What is being asked: In the entries that follow, find the line containing "In dit boek" and the line containing "此次的主题党日活动召集支部全", then copy exactly everything from the first through the second except the pictures.

Available data:
• • • • •
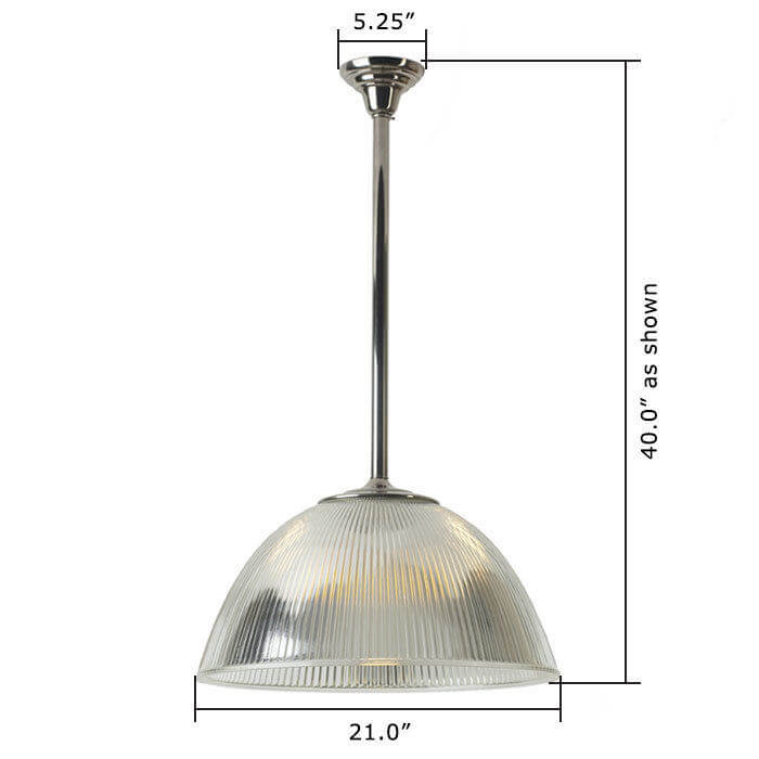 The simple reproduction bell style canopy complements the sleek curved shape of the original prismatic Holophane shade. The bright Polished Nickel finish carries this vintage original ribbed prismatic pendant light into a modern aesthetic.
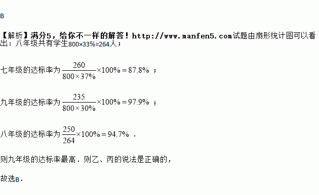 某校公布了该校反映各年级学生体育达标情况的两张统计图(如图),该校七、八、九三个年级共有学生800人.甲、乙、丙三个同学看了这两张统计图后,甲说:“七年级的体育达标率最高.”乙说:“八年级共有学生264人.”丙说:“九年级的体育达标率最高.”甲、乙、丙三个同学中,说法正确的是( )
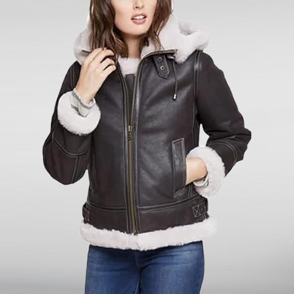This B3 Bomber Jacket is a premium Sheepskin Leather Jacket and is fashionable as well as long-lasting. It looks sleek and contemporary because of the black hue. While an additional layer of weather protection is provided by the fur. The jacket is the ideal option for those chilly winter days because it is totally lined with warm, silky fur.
• • • • •
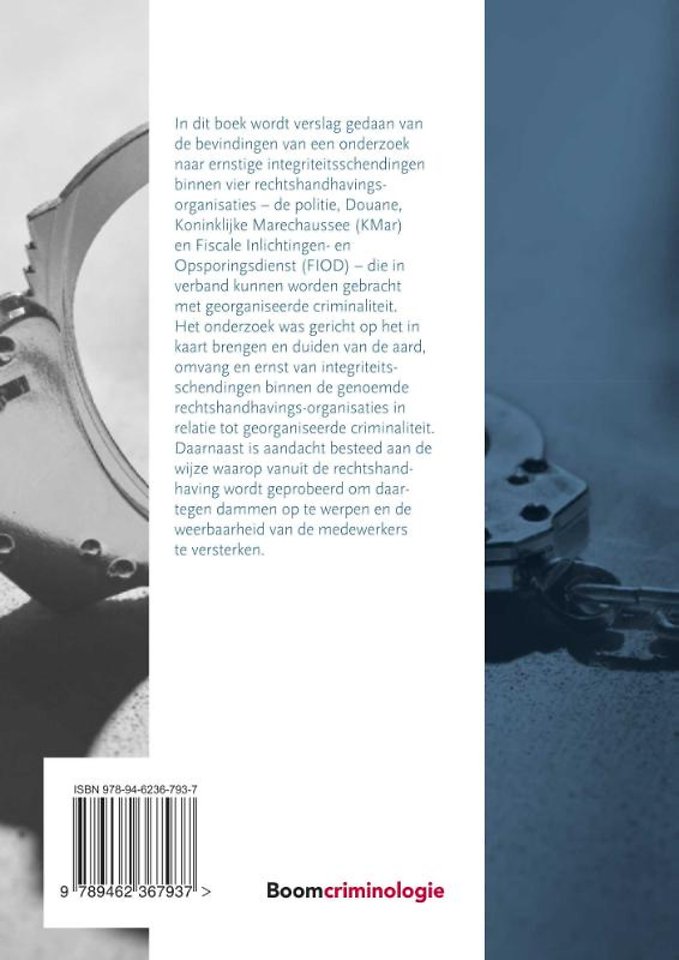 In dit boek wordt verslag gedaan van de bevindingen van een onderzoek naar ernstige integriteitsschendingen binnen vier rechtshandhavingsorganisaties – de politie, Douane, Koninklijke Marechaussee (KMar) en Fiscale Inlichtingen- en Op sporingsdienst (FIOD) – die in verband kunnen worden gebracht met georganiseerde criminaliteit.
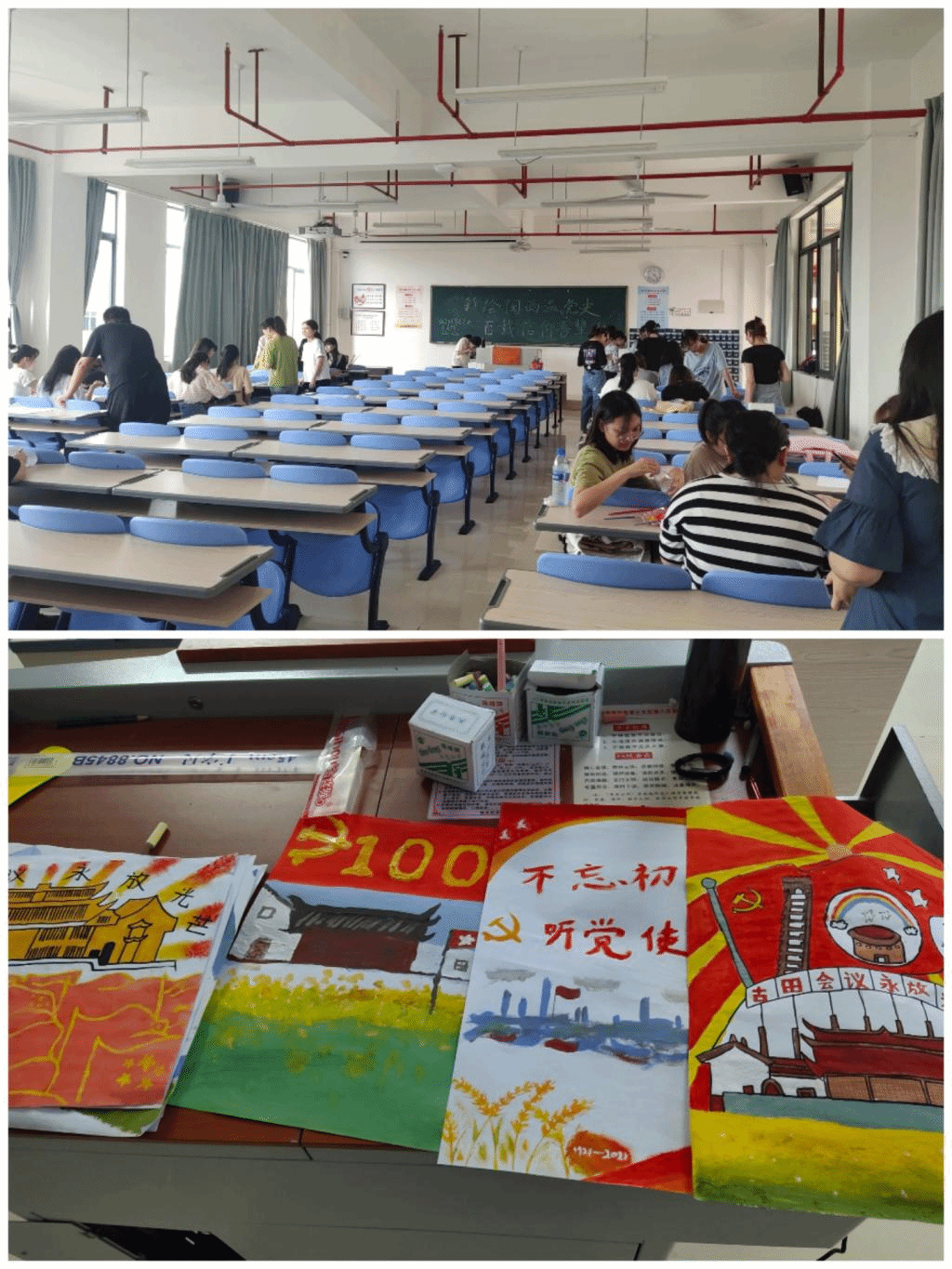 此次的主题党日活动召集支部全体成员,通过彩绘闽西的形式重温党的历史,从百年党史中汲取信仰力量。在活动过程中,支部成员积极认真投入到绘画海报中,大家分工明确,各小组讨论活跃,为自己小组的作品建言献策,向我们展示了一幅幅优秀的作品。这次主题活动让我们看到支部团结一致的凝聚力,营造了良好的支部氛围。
• • • • •
Result of this exercise:
 In dit boek wordt verslag gedaan van de bevindingen van een onderzoek naar ernstige integriteitsschendingen binnen vier rechtshandhavingsorganisaties – de politie, Douane, Koninklijke Marechaussee (KMar) en Fiscale Inlichtingen- en Op sporingsdienst (FIOD) – die in verband kunnen worden gebracht met georganiseerde criminaliteit.
 此次的主题党日活动召集支部全体成员,通过彩绘闽西的形式重温党的历史,从百年党史中汲取信仰力量。在活动过程中,支部成员积极认真投入到绘画海报中,大家分工明确,各小组讨论活跃,为自己小组的作品建言献策,向我们展示了一幅幅优秀的作品。这次主题活动让我们看到支部团结一致的凝聚力,营造了良好的支部氛围。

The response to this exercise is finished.